Applies the attention mechanism to queries q and values v. Keys will be set to be same as v.

Parameters

  • q (Tensor) – Queries, shape [batch_size, seq_length, hidden_size].

  • v (Tensor) – Values, shape [batch_size, seq_length, hidden_size].

  • mask (Tensor) – Attention mask. Can be 2D of shape [batch_size, seq_length], or 3D of shape [batch, query_length, seq_length].

  • past_kv (Tensor) – Past keys and values. Has shape [2, batch_size, num_heads, seq_length, hidden_size / num_heads]. The tensors in [0,:,:,:,:] and [1,:,:,:,:] contain the past keys and values, respectively. Defaults to None.

  • cache_present_kv (bool) – Specifies if the present keys and values must be cached and returned. Needed to speed up the computations when the decoder is called within an autoregressive loop. Defaults to False.

  • training (bool) – Training the model if True. Needed to call the dropout (after softmax) in the appropriate mode.

  • position_bias (Tensor) – Tensor containing position bias to apply in attention.

  • cache_position_bias (bool) – Specifies if position bias must be cached and returned. Needed to speed up the computations when the decoder is called within an autoregressive loop. Defaults to False.

Returns

when cache_present_kv is True and cache_position_bias is True, returns a tuple, where the 0th entry contains the attention output, 1st entry contains a tensor of keys and values computed at the current application of the attention layer, and the 3rd entry contains a tensor of position bias computed at the current application of the attention layer.

If cache_present_kv is False, no entry for present keys and values is provided.

If cache_position_bias is False, no entry for position bias is provided.

if both cache_present_kv cache_position_bias are set to False, return a tensor of shape equal to shape of past_kv (see above).

class common.tf.layers.AttentionLayer.SelfAttentionLayer#

Bases: common.tf.layers.AttentionLayer.AttentionLayer

Multiheaded self-attention layer.

call(x, mask=None, past_kv=None, cache_present_kv=False, training=True, position_bias=None, cache_position_bias=False)#

Applies the attention mechanism to queries q and values v.

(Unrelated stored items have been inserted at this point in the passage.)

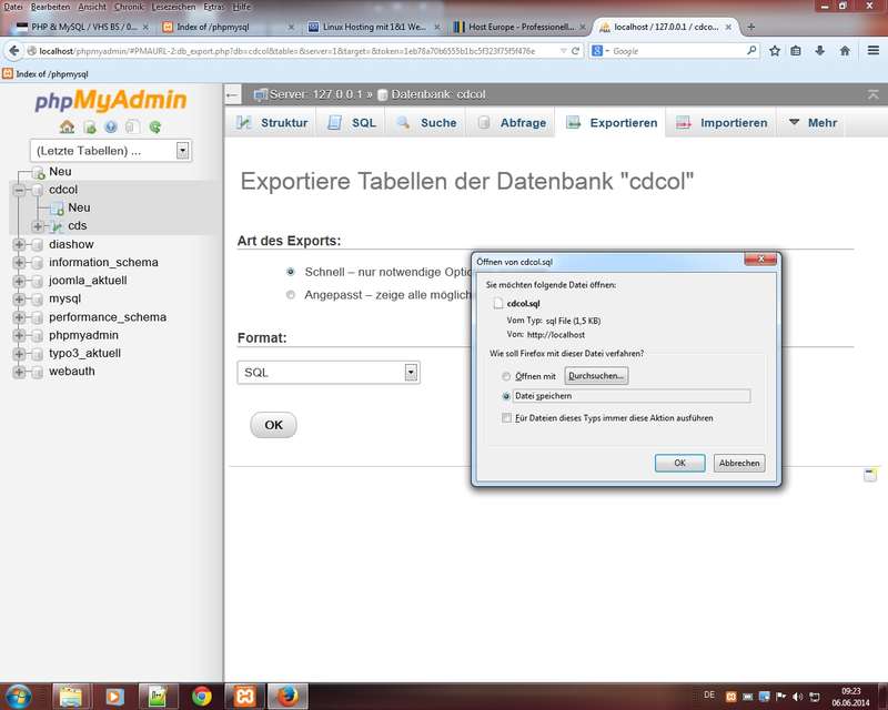 Anm.: beachten Sie, dass die meisten Hoster nicht das Zurücksichern (importieren) ganzer Datenbanken erlauben, dann sollten Sie auf Tabellen-Ebene "dumpen"
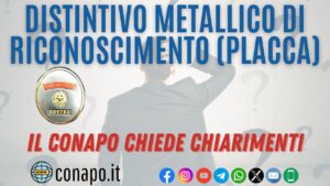 Giungono dal territorio alla scrivente O.S. CONAPO segnalazioni per cui al personale neo assunto non sarebbe stato distribuito il distintivo metallico di riconoscimento (placca).
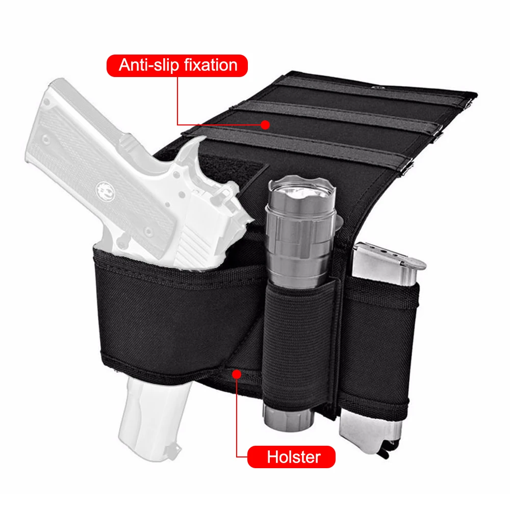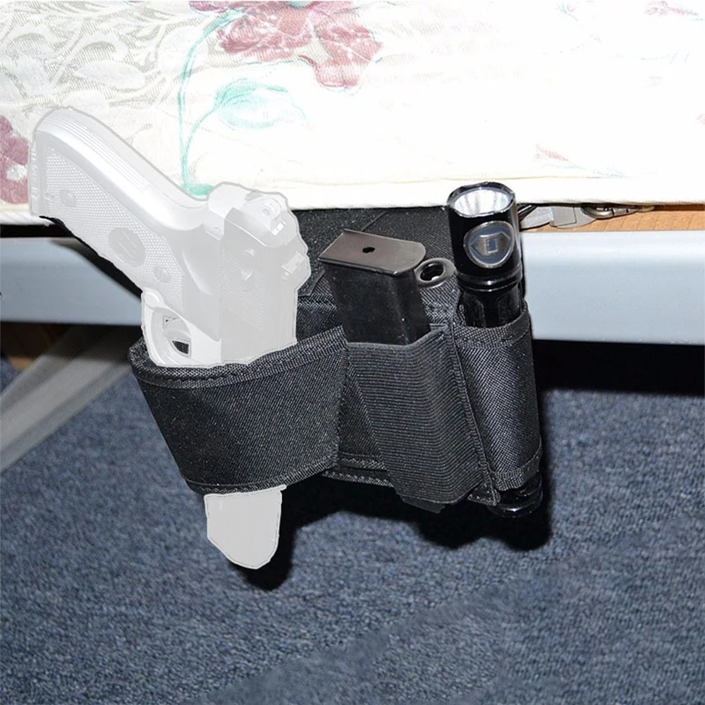 Funda para pistola de cabecera, funda para pistola lateral de cama táctica debajo del colchón, funda para pistola con soporte para linterna y soporte para asiento de coche
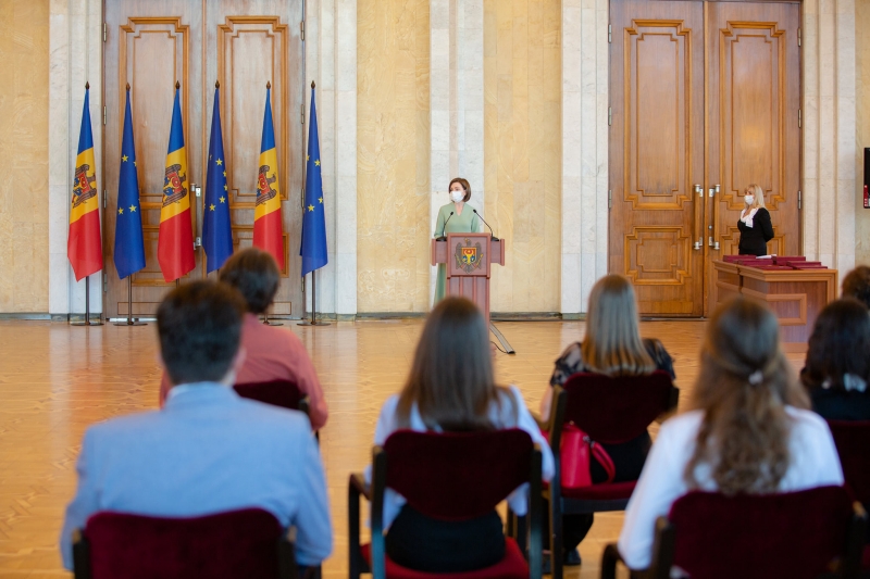 După ceremonia de decernare a premiilor, șefa statului a invitat absolvenții să viziteze Președinția Republicii Moldova.
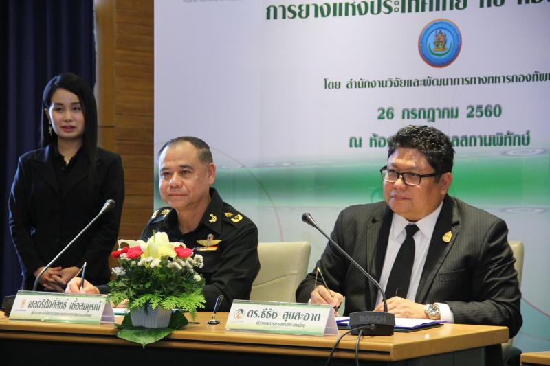 ดร.ธีธัช สุขสะอาด ผู้ว่าการการยางแห่งประเทศไทย เผยว่า การยางแห่งประเทศไทยและกองทัพบก ตระหนักถึงความสำคัญในนโยบายด้านยางพาราของรัฐบาลที่เน้นดำเนินการแปรรูปยางพาราเพื่อเพิ่มมูลค่า และสนับสนุนการใช้ยางภายในประเทศ รวมทั้ง นโยบายด้านความมั่นคงและการป้องกันประเทศ ซึ่งทุกภาคส่วนต้องร่วมมือกันขับเคลื่อนให้เกิดเป็นรูปธรรมตามนโยบายที่ได้กำหนดเป้าหมายไว้ ทั้งนี้ การยางแห่งประเทศไทยซึ่งเป็นองค์กรกลางรับผิดชอบดูแลการบริหารจัดการยางพาราของประเทศไทยทั้งระบบอย่างครบวงจร ร่วมกับสำนักงานวิจัยและพัฒนาการทางทหารกองทัพบก ซึ่งเป็นหน่วยที่รับผิดชอบงานวิจัย และพัฒนาการทางทหารกองทัพบก ที่เชี่ยวชาญในการทำวิจัยและพัฒนาด้านเทคโนโลยีความมั่นคง ได้มีความเห็นพ้องต้องกันที่จะประสานความร่วมมือ และนำศักยภาพของแต่ละหน่วยงานมาร่วมกันเสริมสร้างความมั่นคงและศักยภาพในการป้องกันประเทศผ่านการนำผลผลิตยางพารามาวิจัยและพัฒนา เพื่อนำไปสู่การแปรรูปเป็นนวัตกรรมและเทคโนโลยีใหม่ๆ ที่มีมาตรฐานและประสิทธิภาพในการนำไปใช้ได้จริงในอนาคต
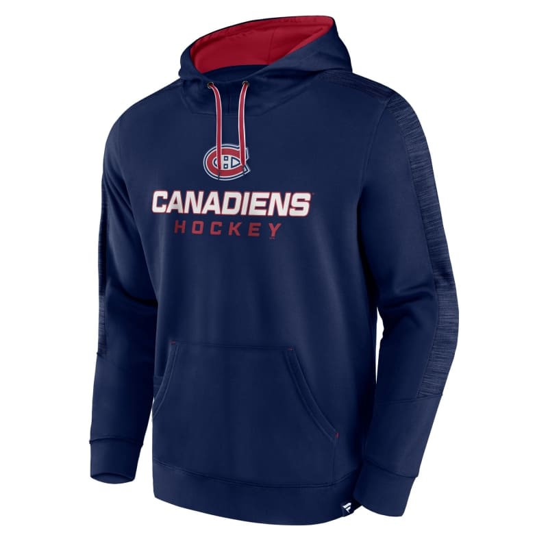 Stylová hokejová mikina NHL přes hlavu s kapucí a klokaní kapsou na břiše. Modré provedení s červeným vnitřkem kapuce. Potisk na hrudi.
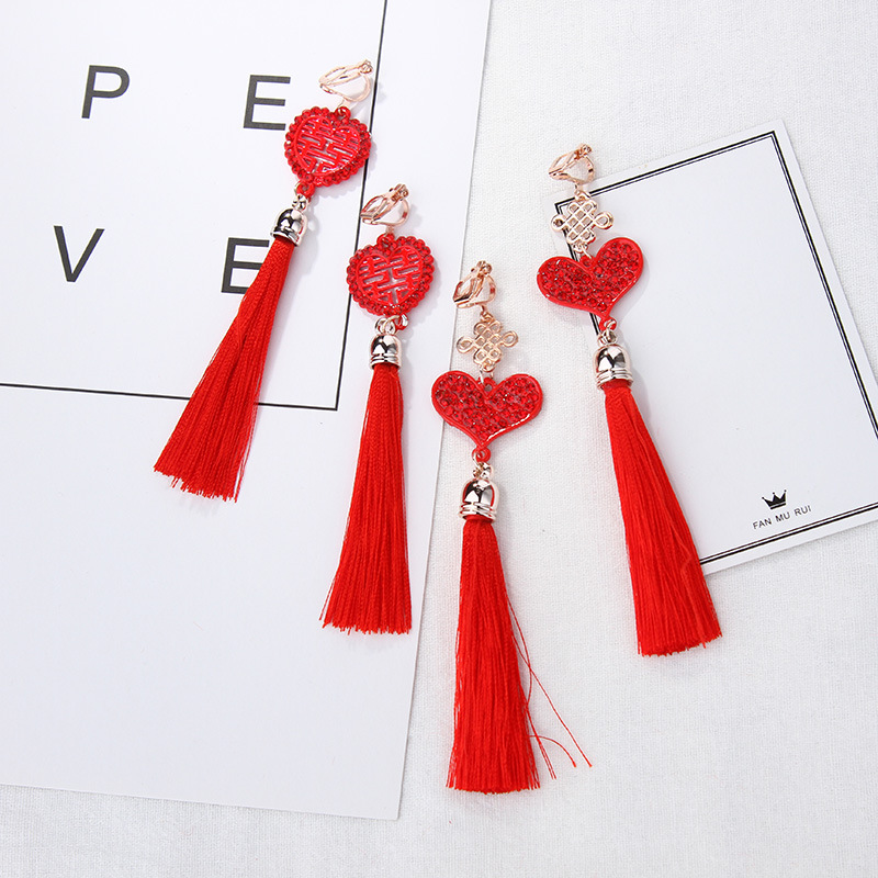 Fresh Palace Tine Hanfu Ancient Wind Ear Clip Retro Fashion China Knot Red Flow Suearrings New no earbueless earrings
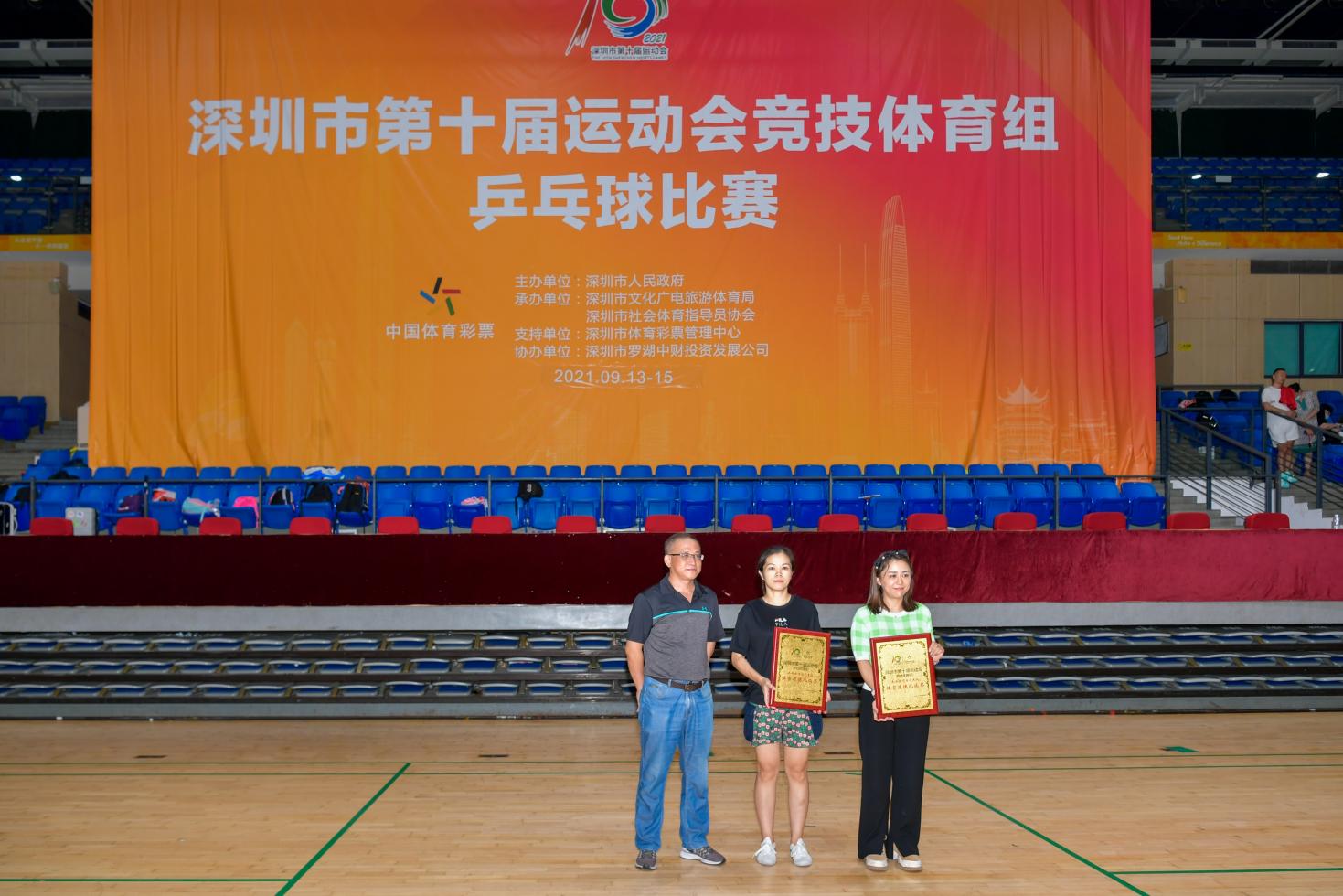 深圳市羅湖中財(cái)文體場館管理部部長李志軍(左1 )為獲獎(jiǎng)運(yùn)動(dòng)員頒獎(jiǎng)
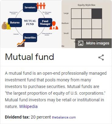 Google is assuming a "What is/are ...?" question here, but "mutual fund" is a highly ambiguous search that could have multiple intents. At the same time, Google was already showing a Knowledge Graph entity in the right-hand column (on desktop), presumably from trusted sources:
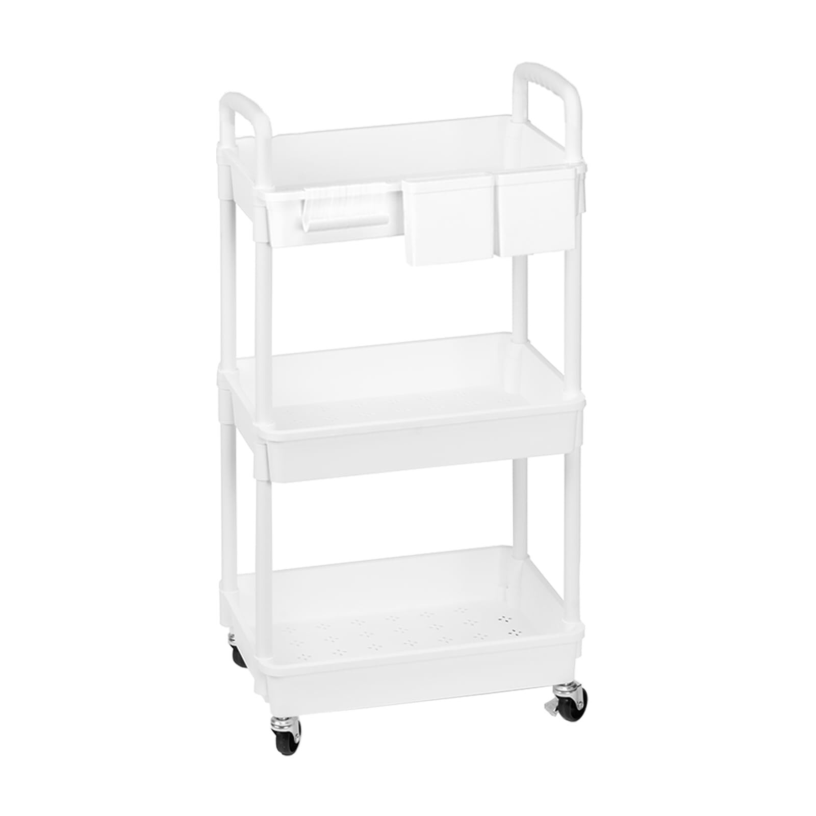 SIUSA キッチンワゴン ワゴン キャスター付き 3段 スリム 収納ワゴン 大容量 収納カート ハンドル/収納カップ付き ペットボトル収納 洗面所 台所 トイレ 浴室 冷蔵庫横 組立簡単 幅38×奥行27×高さ74cm ホワイト | Lulu

Keys will be set to be same as v.

Parameters

  • q (Tensor) – Queries, shape [batch_size, seq_length, hidden_size].

  • v (Tensor) – Values, shape [batch_size, seq_length, hidden_size].

  • mask (Tensor) – Attention mask. Can be 2D of shape [batch_size, seq_length], or 3D of shape [batch, query_length, seq_length].

  • past_kv (Tensor) – Past keys and values. Has shape [2, batch_size, num_heads, seq_length, hidden_size / num_heads]. The tensors in [0,:,:,:,:] and [1,:,:,:,:] contain the past keys and values, respectively. Defaults to None.

  • cache_present_kv (bool) – Specifies if the present keys and values must be cached and returned. Needed to speed up the computations when the decoder is called within an autoregressive loop. Defaults to False.

  • training (bool) – Training the model if True. Needed to call the dropout (after softmax) in the appropriate mode.

  • position_bias (Tensor) – Tensor containing position bias to apply in attention.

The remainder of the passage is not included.